Co-planar micro-supercapacitor (MSC), as a kind of newly developed energy storage devices, has attracted increasing interests owing to its ultrahigh power density and high level of integration with other on-chip devices. Plenty of research has been conducted to improve electrochemical performances of MSCs and maximum power density of more than 1000 W/cm3 was achieved. However, the interface area between electrode and electrolyte is limited to the upper surface of the substrate, only occupying a small part of its total volume. Therefore, energy densities and specific capacitances of MSCs do not present superior advantages when compared with traditional sandwich structured supercapacitors. To optimize the electrochemical performance of MSCs, a 3-dimensional (3D) bulk-silicon electrode design is proposed. In aim to improve space utilization ratio of substrate, the silicon wafer is etching through for forming the 3D bulk silicon electrodes. In this way, contact interface areas between electrodes and electrolytes are obviously increased and it is expected that energy densities and specific capacitances of MSCs can be enhanced. In addition, low-density vertical-aligned carbon nanotube (VACNT) array is synthesized onto the surface of 3D electrodes, acting as a nanostructured matrix. The VACNT array is expected to effectively improve conductivity of 3D bulk silicon electrodes due to its straight physical morphology and outstanding electrical property. Moreover, this VACNT array has a low-density arrangement and uniform interspacing which could offers a promising structural support for further deposition of advanced material with higher specific capacitance. Through these approaches, it is expected that the energy density can be improved from 10 mWh/cm3 of common planar MSCs to 50 mWh/cm3 of 3D bulk-silicon electrodes based MSCs.

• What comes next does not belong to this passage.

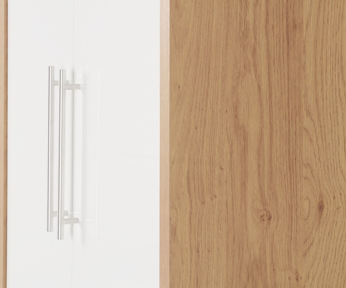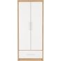 Wardrobe - SELSEY 2 Door 1 Drawer Wardrobe White High Gloss with Light Oak 76cm

平面微型电容器作为一种新型储能器件，凭借极高的功率密度和与良好的集成性引起了广泛的关注。近年来，对平面电容器性能的研究取得了显著的进展，电极的功率密度最高可以超过1000W/cm3。然而，相对于器件整体尺寸而言，由于衬底占较大比重，电极与电解液的接触面积只在衬底上表面的特定区域，导致整个器件的有效利用面积十分有限。相比于传统三明治结构的电容器来说，平面微型电容器的能量密度并不显著，大多在10mWh/cm3这个范围内。本项目提出了一种对硅基衬底进行整片刻蚀来制造体硅3D结构微型电容器的设计。依靠对衬底纵向空间的完全利用，极大地提升电极与电解液的有效接触面积。此外，通过在体硅3D电极上生长低密度的垂直碳纳米管阵列，一方面改善3D体硅电极的导电性，另一方面为进一步沉积具有高比电容密度的活性材料提供良好的纳米结构基底。预期将微型电容器的能量密度提升到50mWh/cm3以上。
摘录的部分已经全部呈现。